Queensland scientist closes in on world breakthrough to beat killer disease

This is very hopeful news. Dengue is like a very severe flu

A QUEENSLAND scientist is on the brink of eliminating the deadly global disease threat of dengue fever after more than 15 years of painstaking research. The University of Queensland's Professor Scott O'Neill will start his world-first field trials to wipe out the mosquito-borne disease in far north Queensland this week.

The project, funded by the Bill & Melinda Gates Foundation's Global Health Program, hopes to control dengue by introducing a bacteria to mosquitoes that stops them passing on the virus to humans. The bacteria, known as Wolbachia, has a powerful ability to invade natural populations of insects and alter their reproduction and lifespan.

"I was always interested in science but I wanted to do science with a practical outcome," Prof O'Neill, 48, said. "This is very exciting for me and my team - we can provide a real solution to the global burden of disease."

Dengue is a significant disease that has no effective controls or vaccine - it affects billions world-wide and costs millions of dollars to treat. It is carried by an urban-dwelling mosquito that, once established in cities, is almost impossible to eradicate.

Dengue hot spot Brazil spends $US800 million a year on pesticides to control mosquitoes and still has one of the highest cases of infections in the world.

"The scary thing is dengue is getting worse, with a broadening geographic distribution and outbreaks becoming more severe," Prof O'Neill said. "We can see that in our own experience in Australia." There were more than 1000 cases of dengue in Queensland in 2009 - the worst outbreak in 50 years.

But discovering the effect Wolbachia has on the dengue-carrying Aedes aegypti mosquito did not happen in a "lightbulb moment" - it has taken decades.

"When you are doing scientific work more experiments fail than succeed, so you keep chipping away to find ways around the problem," Prof O'Neill said. "I think it's a sickness that a lot of scientists have - they are very obsessive people and that's what makes them so tenacious about their projects."

One member of the Eliminate Dengue team was once required to manually inject 10,000 mosquito embryos with the bacteria to test their survival.

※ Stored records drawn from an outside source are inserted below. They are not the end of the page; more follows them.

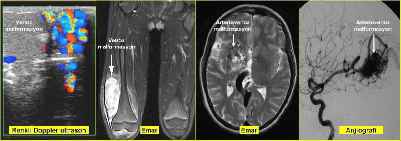 Tanı, görüntüleme: Cilde yakın olan malformasyonlarda en pratik yöntem renkli Doppler ultrasonografidir. Bu yöntemle malformasyonun yerleşimi, boyutları ve düşük akımlı mı yüksek akımlı mı olduğu ayırt edilebilir. Daha sonra genellikle MR yapılır. MR ile malformasyonların boyut, uzanım ve çevre dokularla ilişkisi daha iyi değerlendirilebilir. Ciltten derinde olan malformasyonlarda ise MR daha iyi bilgiler verir. Ancak düşük-yüksek akım ayrımı için genellikle renkli Doppler yapmak gerekir.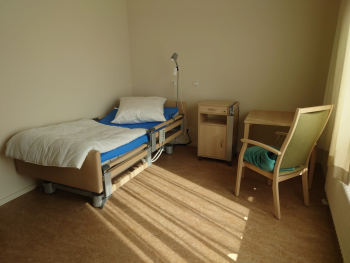 und hier ein Blick in ein Zimmer. Es ist auf der gegenüberliegenden Wand mit einem Kleiderschrank auch noch Platz zum Mitbringen eines eigenen Möbelstücks.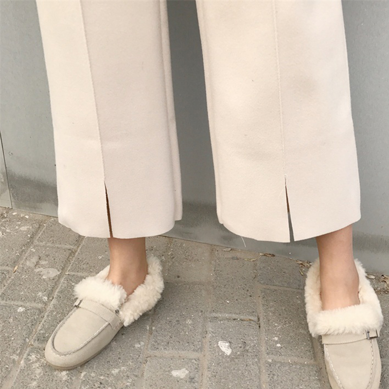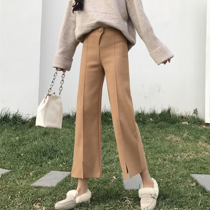 / 秋冬女裝2018新款韓版簡約高腰開叉純色闊腿褲氣質顯瘦九分休閑褲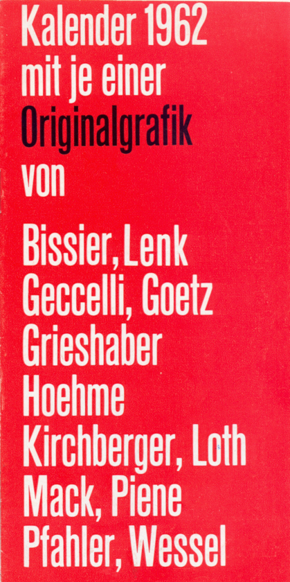 12 Künstlern. Neben Wessel u.a. Goetz, Hoehme, Mack und Piene.

Prof O'Neill was first alerted to Wolbachia by former UQ professor Hugh Patterson when he was Patterson's student in the 1980s. Scientists had been thinking about the bacteria as a way of controlling insect populations but Prof O'Neill wanted to test its ability to prevent disease transmission.

Leaving Brisbane for the US, he kept up his investigations as a junior professor at Yale University for 10 years. Returning to UQ as head of the School of Biological Sciences, his team was the first to apply molecular biology to the bacteria sequencing the Wolbachia genome.

"Dengue is spread by old mosquitoes (12 days old)," he said. "I thought if we could shorten their lifespan we could stop transmission of the disease. "It not only shortened their lifespan but it interfered with the virus's ability to grow in the insect. "That was quite an amazing discovery and it means this approach can be much more effective."

This week Prof O'Neill's team will begin releasing Wolbachia-infected mosquitoes into the wild population.

The CSIRO has done a nine-month risk analysis on releasing Wolbachia mosquitoes into the general population to breed. Prof O'Neill said this type of science was heavily regulated in Australia and they were being extremely careful because they did not want to create another biological problem like the cane toad.

"The cane toad was a foreign organism introduced into a new environment but Wolbachia already occurs naturally in up to 60 per cent of the insect population," he said.

In September the Australia Pesticides and Veterinary Medicines Authority gave the project approval to proceed to field trials at Yorkeys Knob and Gordonvale near Cairns.

Over the past 15 years, the international collaboration has involved more than 14 institutions and 50 scientists from Australia, Vietnam, Thailand, the US and Brazil.